> _What needs to be done_:
Below are some records. Output the lines from the first one through the line that holds "رسالة من أربع", exactly as written, with no pictures.

[Stored dataset items]
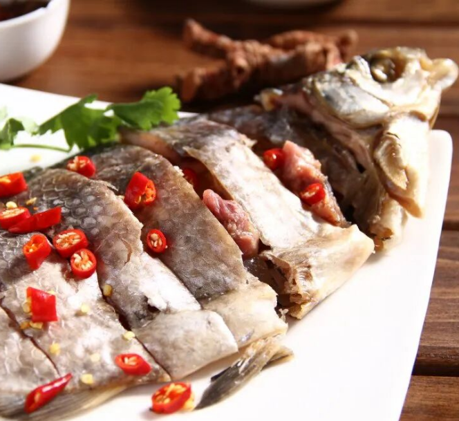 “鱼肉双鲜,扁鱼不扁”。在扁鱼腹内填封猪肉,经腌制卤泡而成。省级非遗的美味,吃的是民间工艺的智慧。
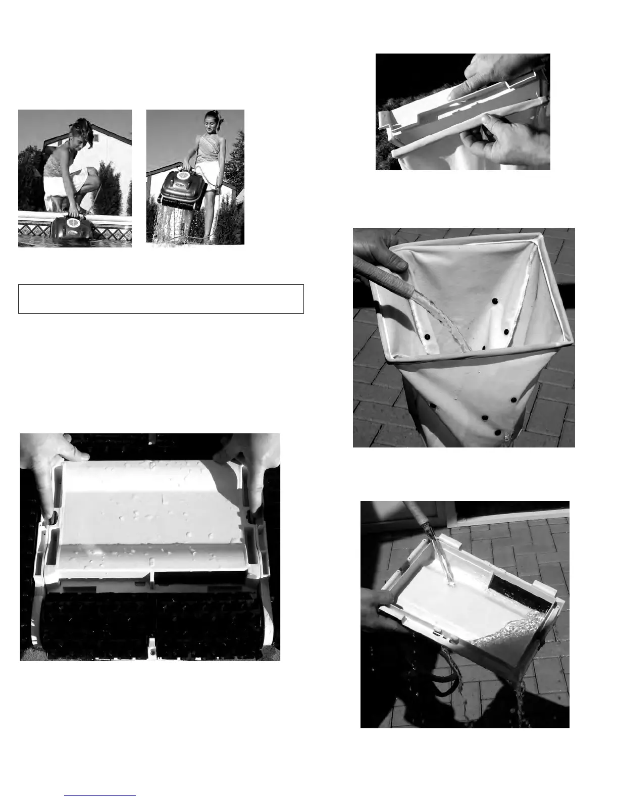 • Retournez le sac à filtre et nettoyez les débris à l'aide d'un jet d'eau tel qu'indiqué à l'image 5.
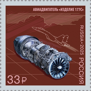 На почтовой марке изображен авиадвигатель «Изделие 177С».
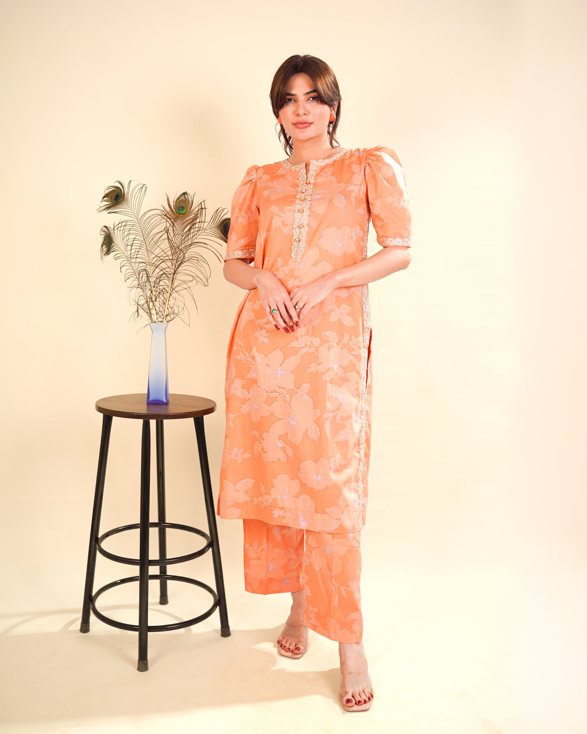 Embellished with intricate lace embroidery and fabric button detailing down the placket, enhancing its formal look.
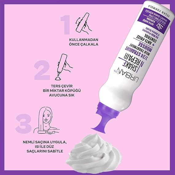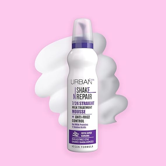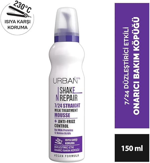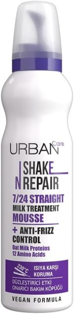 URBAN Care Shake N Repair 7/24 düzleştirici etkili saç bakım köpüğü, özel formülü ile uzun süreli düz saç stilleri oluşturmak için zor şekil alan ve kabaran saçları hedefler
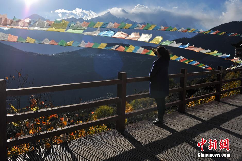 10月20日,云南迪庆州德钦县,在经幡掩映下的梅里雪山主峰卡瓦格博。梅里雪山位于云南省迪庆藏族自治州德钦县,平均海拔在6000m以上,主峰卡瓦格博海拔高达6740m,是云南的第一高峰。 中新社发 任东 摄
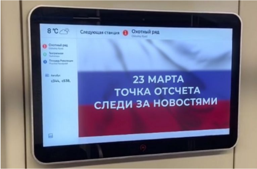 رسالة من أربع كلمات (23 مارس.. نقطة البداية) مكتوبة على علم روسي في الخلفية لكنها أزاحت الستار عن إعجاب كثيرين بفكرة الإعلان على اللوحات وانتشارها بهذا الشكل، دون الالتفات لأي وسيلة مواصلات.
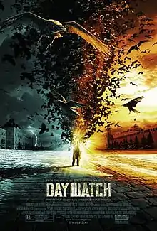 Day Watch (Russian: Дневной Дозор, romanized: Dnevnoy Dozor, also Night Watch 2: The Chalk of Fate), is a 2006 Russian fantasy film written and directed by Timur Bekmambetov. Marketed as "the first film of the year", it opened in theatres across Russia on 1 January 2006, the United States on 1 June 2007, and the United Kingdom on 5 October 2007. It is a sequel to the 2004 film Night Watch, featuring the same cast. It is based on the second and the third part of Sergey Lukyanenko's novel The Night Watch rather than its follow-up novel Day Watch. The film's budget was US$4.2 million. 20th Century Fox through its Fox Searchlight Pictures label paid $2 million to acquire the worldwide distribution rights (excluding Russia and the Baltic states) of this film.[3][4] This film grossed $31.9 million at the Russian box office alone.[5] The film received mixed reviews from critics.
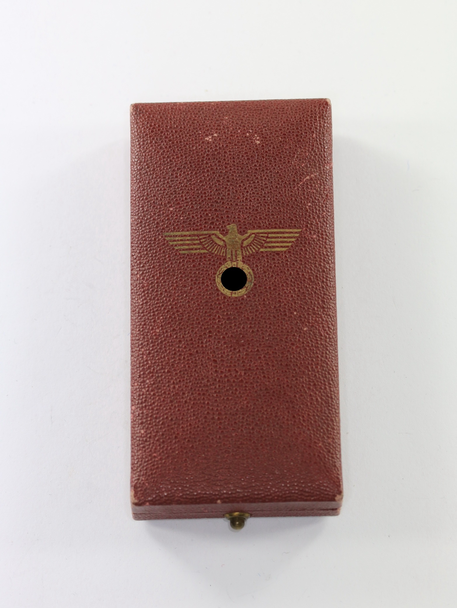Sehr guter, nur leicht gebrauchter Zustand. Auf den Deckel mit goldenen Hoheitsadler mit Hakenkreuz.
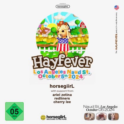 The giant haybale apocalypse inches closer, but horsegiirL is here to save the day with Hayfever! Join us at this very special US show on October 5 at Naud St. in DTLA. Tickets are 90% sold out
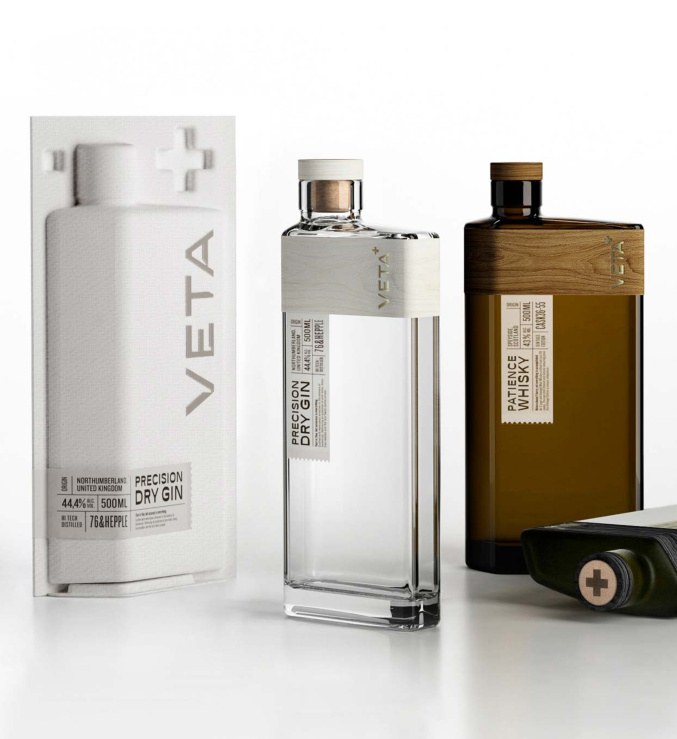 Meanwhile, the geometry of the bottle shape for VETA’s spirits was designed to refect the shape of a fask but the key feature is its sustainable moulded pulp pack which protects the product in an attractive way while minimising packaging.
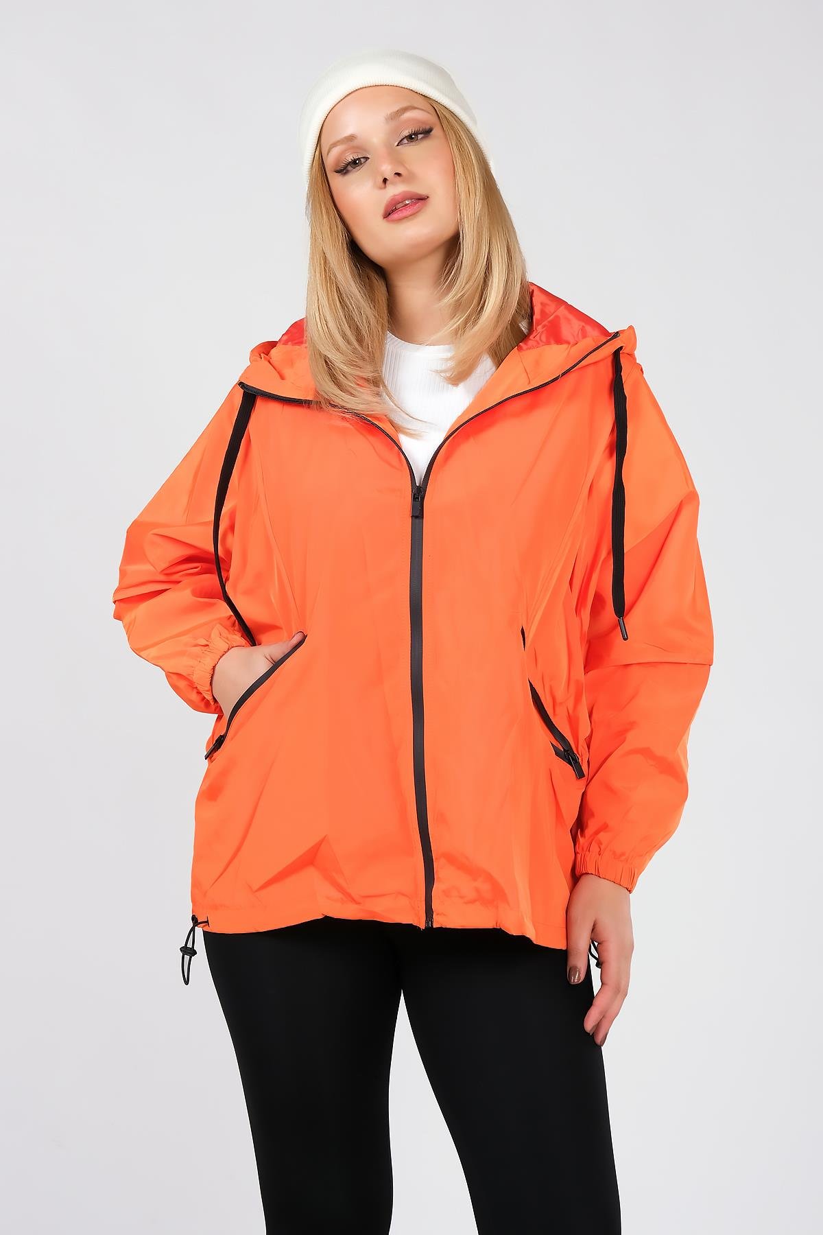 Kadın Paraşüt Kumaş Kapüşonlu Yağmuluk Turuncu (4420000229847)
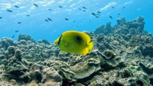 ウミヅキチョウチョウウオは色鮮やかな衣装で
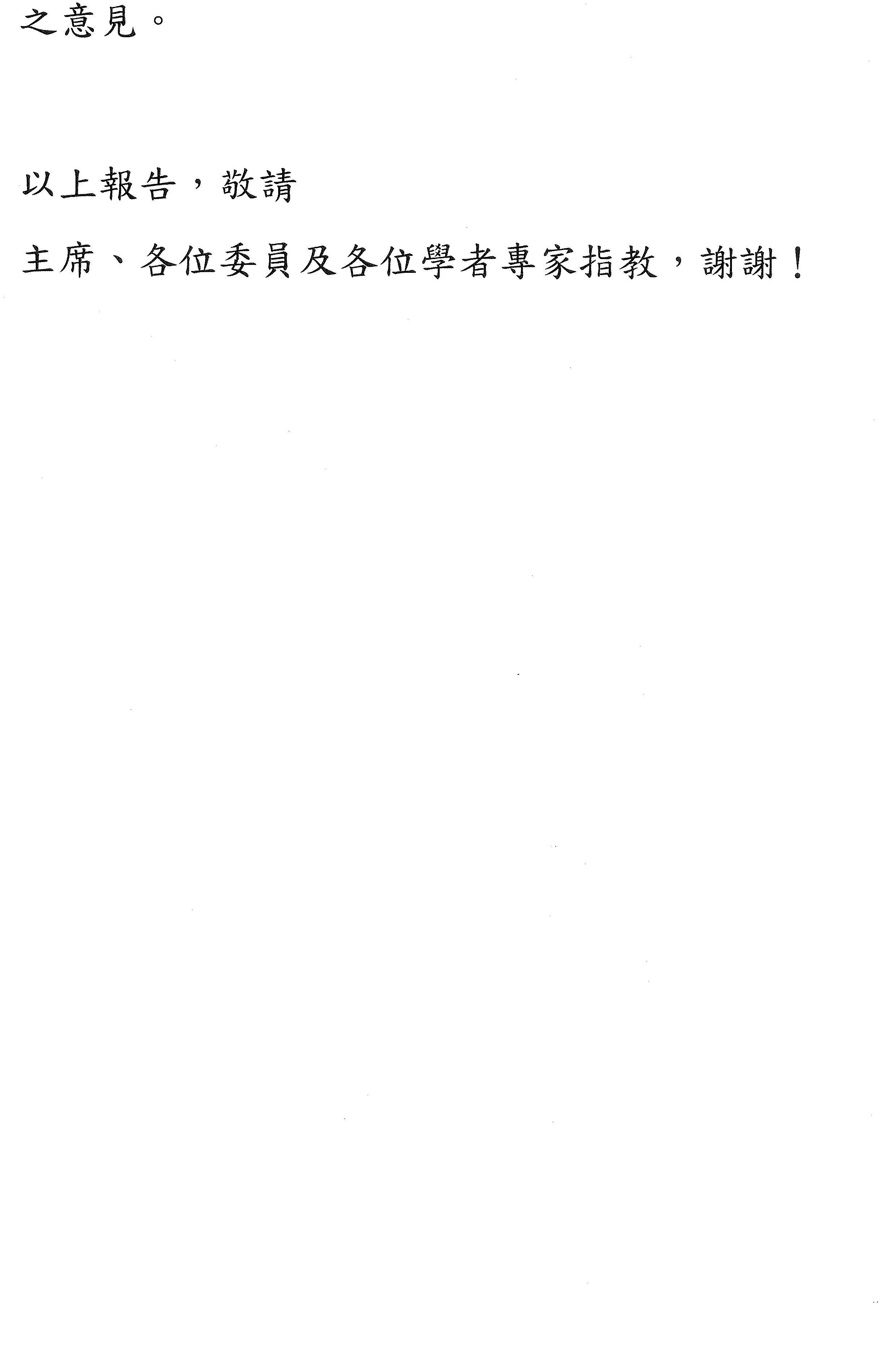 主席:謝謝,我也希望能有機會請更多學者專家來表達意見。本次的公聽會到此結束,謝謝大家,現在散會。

> _Exercise solution_:
 “鱼肉双鲜,扁鱼不扁”。在扁鱼腹内填封猪肉,经腌制卤泡而成。省级非遗的美味,吃的是民间工艺的智慧。
 • Retournez le sac à filtre et nettoyez les débris à l'aide d'un jet d'eau tel qu'indiqué à l'image 5.
 На почтовой марке изображен авиадвигатель «Изделие 177С».
 Embellished with intricate lace embroidery and fabric button detailing down the placket, enhancing its formal look.
 URBAN Care Shake N Repair 7/24 düzleştirici etkili saç bakım köpüğü, özel formülü ile uzun süreli düz saç stilleri oluşturmak için zor şekil alan ve kabaran saçları hedefler
 10月20日,云南迪庆州德钦县,在经幡掩映下的梅里雪山主峰卡瓦格博。梅里雪山位于云南省迪庆藏族自治州德钦县,平均海拔在6000m以上,主峰卡瓦格博海拔高达6740m,是云南的第一高峰。 中新社发 任东 摄
 رسالة من أربع كلمات (23 مارس.. نقطة البداية) مكتوبة على علم روسي في الخلفية لكنها أزاحت الستار عن إعجاب كثيرين بفكرة الإعلان على اللوحات وانتشارها بهذا الشكل، دون الالتفات لأي وسيلة مواصلات.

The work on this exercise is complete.